Here are heart rates for a sample of 30 students before and after a class break. At α = .05, was
there a significant difference in the mean heart rate? (a) State the hypotheses. (b) State the decision
rule and sketch it. (c) Find the test statistic. (d) Make a decision. (e) Estimate the p-value and
interpret it. HeartRate
10.59 Emergency room arrivals in a large hospital showed the statistics below for 2 months. At α = .05,
has the variance changed? Show all steps clearly, including an illustration of the decision rule.
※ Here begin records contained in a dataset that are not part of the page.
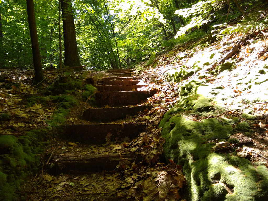 einen recht schmalen Anstieg hinauf. Da wir noch recht unbeschwert unterwegs sind, folgen wir nicht dem Neuen Weg, sondern leisten uns einen Umweg um noch auf den Arnstein zu gelangen.
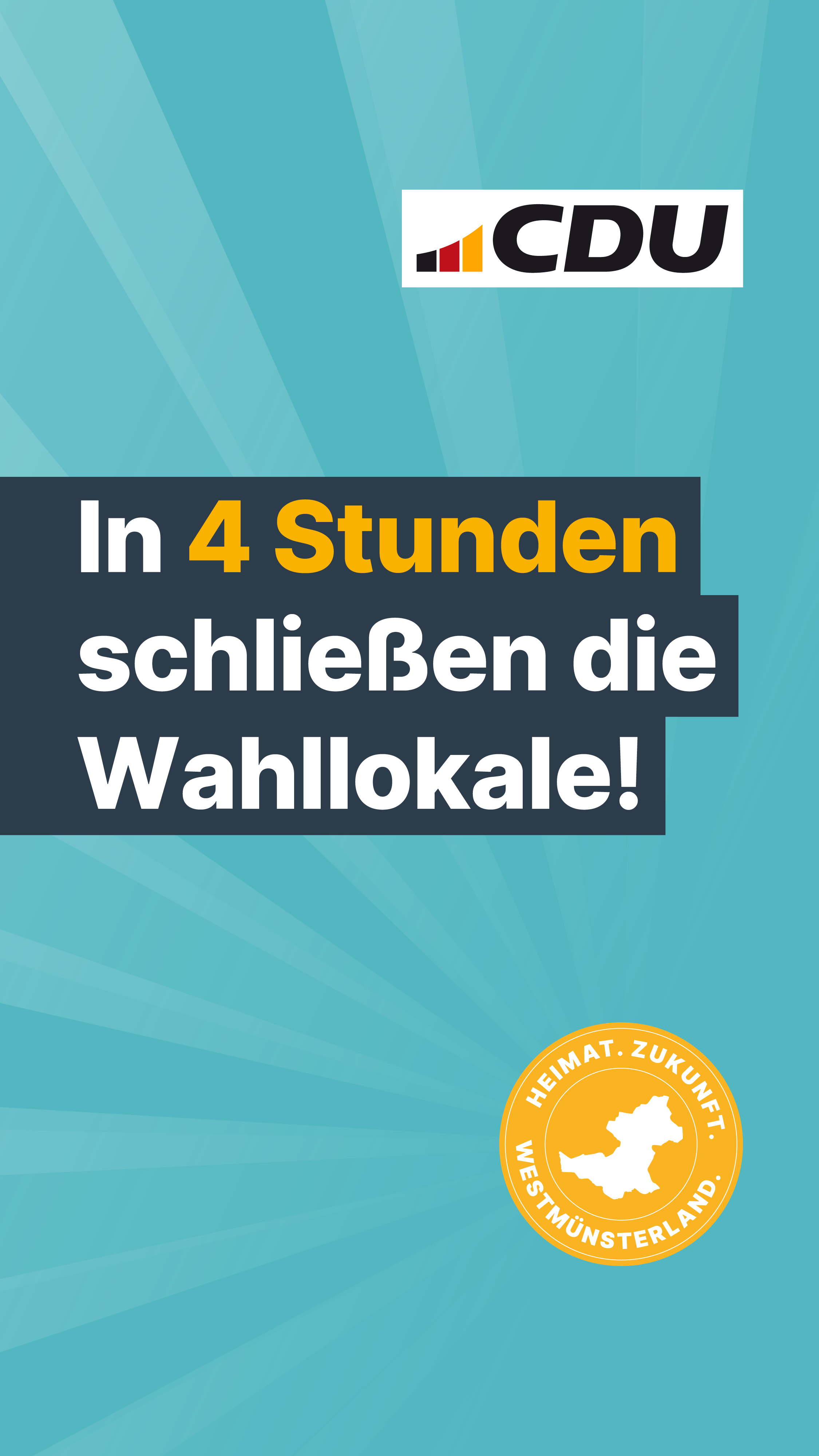 Liebe CDU-Unterstützerinnen und -Unterstützer des Westmünsterlandes, herzlich willkommen in unserem Social-Hub. Hier findet Ihr exklusives Material für Eure Social-Media-Kanäle. Einfach reinschauen, downloaden und vor allem teilen, teilen, teilen!
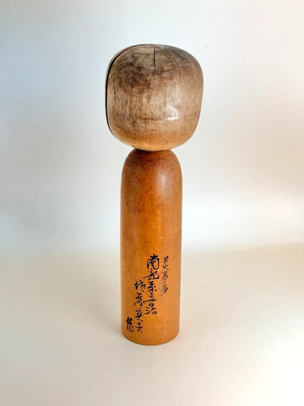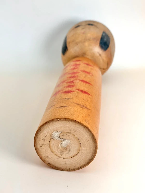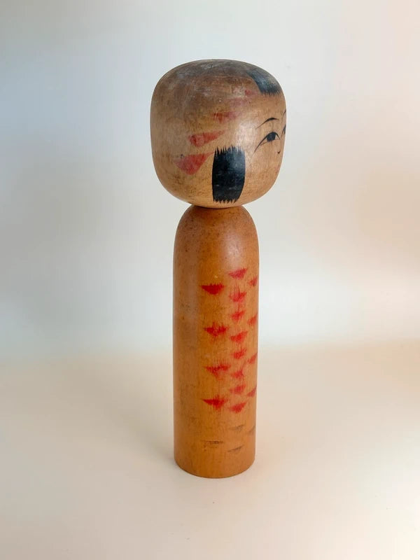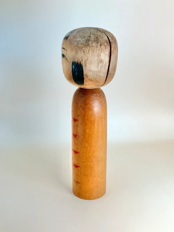 Une très ancienne kokeshi de style Nanbu d'Eikichi Sato est un bel exemple de l'artisanat traditionnel du nord du Tōhoku, reflétant une élégance discrète et une simplicité intemporelle. La poupée présente une tête ronde à l'expression douce et tendre, délicatement peinte à la main, avec une chevelure noire expressive et des sourcils arqués. Son corps est décoré d'une série de motifs floraux ou de plumes stylisés et symétriques, peints en pigment rouge, descendant verticalement selon un rythme équilibré, caractéristiques de la lignée Nanbu.
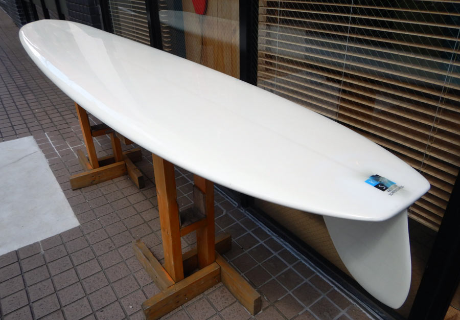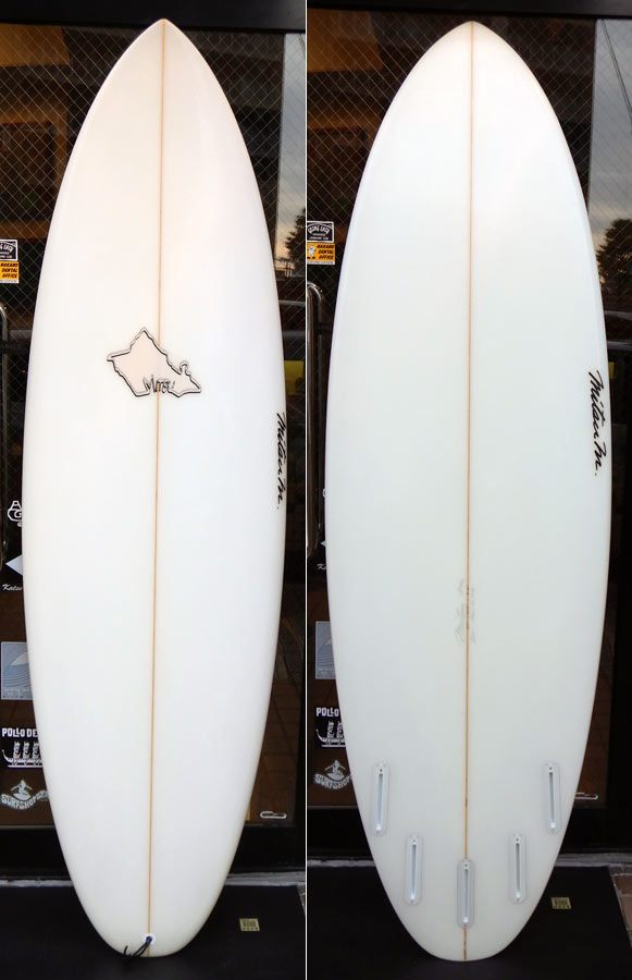 ハワイのMITSU SURFBOARDSのユーズドボードが入荷しました。ワイドなアウトラインはゆるい波でも走ってくれそうです。
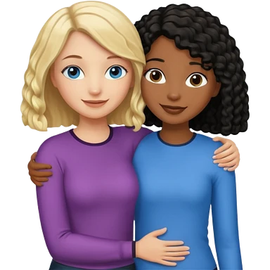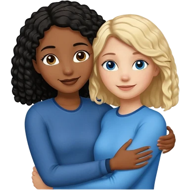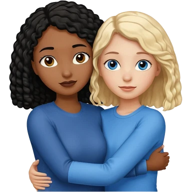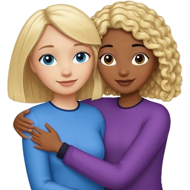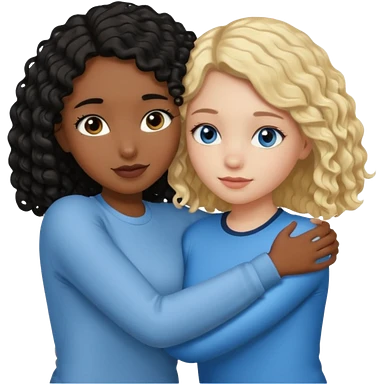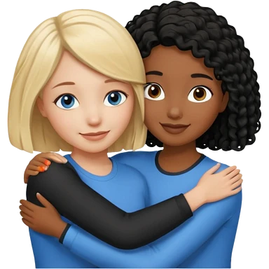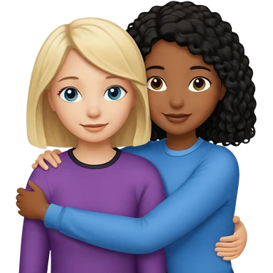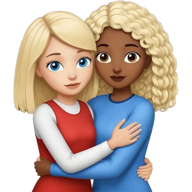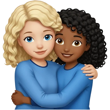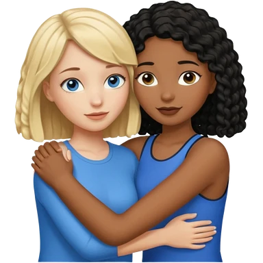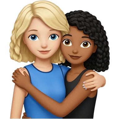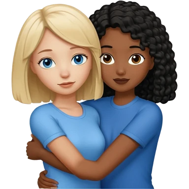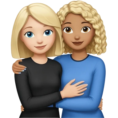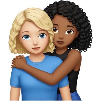 Girl best friends, one white with blond bob and blue eyes, one shorter black girl with long black curly hair, hugging emoji
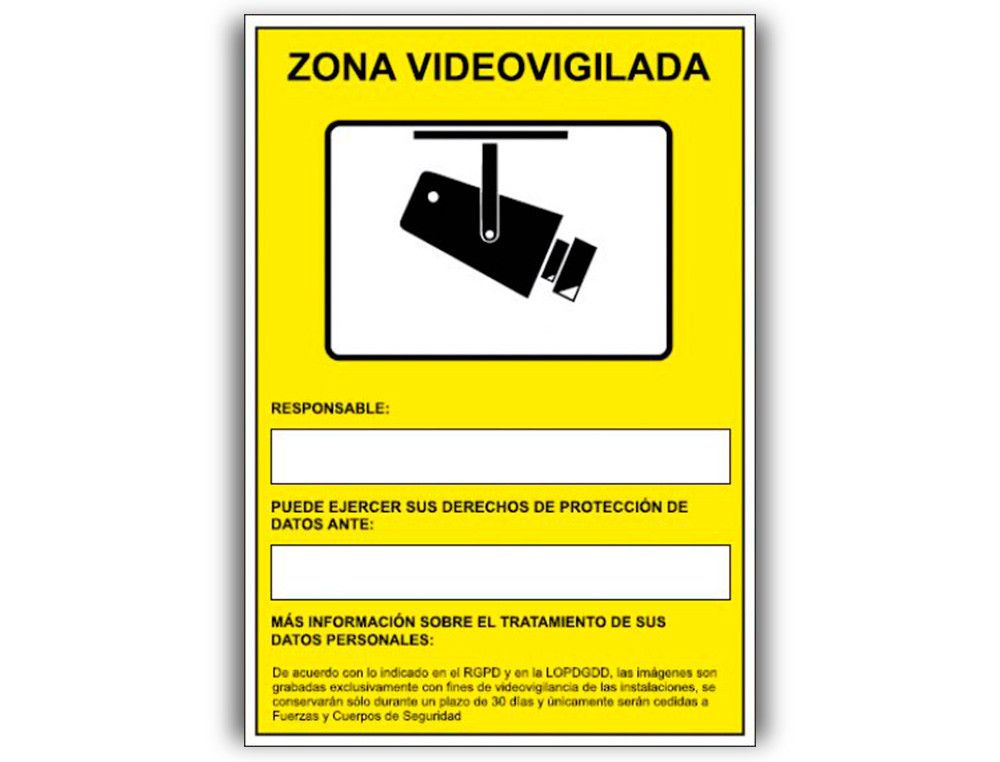 Pictograma archivo 2000 camaras de vigilancia en grabacion las 24 horas pvc amarillo luminiscente 210x297
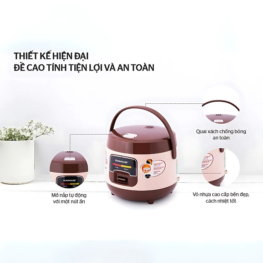 Với công suất 500W và mâm nhiệt lớn, nồi cơm điện Sunhouse SHD8208C giúp nấu cơm nhanh chín, giữ nguyên hương vị tự nhiên và không bị nhão hay khô. Sau khi cơm chín, chế độ giữ ấm tự động hoạt động ổn định, giúp cơm luôn nóng hổi trong suốt nhiều giờ.
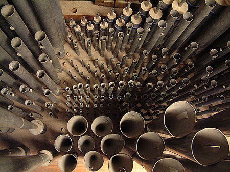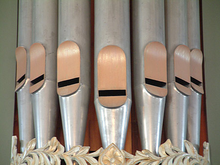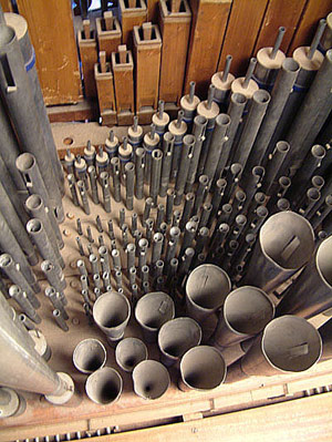 het nieuwe orgel werd gebruik gemaakt van veel pijpwerk uit het oude orgel. De

10.61 A certain company will purchase the house of any employee who is transferred out of state and
will handle all details of reselling the house. The purchase price is based on two assessments, one
assessor being chosen by the employee and one by the company. Based on the sample of eight assessments
shown, do the two assessors agree? Use the .01 level of significance, state hypotheses
clearly, and show all steps. HomeValue
Statistic October November
Mean arrivals 177.0323 171.7333
Standard deviation 13.48205 15.4271
Days 31 30
Note: Thanks to colleague Gene Fliedner for having his evening students take their own pulses before and after the 10-minute class break.
Heart Rate Before and After Class Break
Student Before After Student Before After
1 60 62 16 70 64
2 70 76 17 69 66
3 77 78 18 64 69
4 80 83 19 70 73
5 82 82 20 59 58
6 82 83 21 62 65
7 41 66 22 66 68
8 65 63 23 81 77
9 58 60 24 56 57
10 50 54 25 64 62
11 82 93 26 78 79
12 56 55 27 75 74
13 71 67 28 66 67
14 67 68 29 59 63
15 66 75 30 98 82
(a) The hypotheses for testing the significant difference in mean heart rate before and after the class break are:
Null hypothesis (H0): There is no significant difference in the mean heart rate before and after the class break.
Alternative hypothesis (Ha): There is a significant difference in the mean heart rate before and after the class break.
(b) The decision rule can be determined by conducting a t-test for dependent samples and comparing the calculated t-value with the critical t-value at α = 0.05 level of significance. The decision rule can be represented by a t-distribution curve with critical regions on both sides.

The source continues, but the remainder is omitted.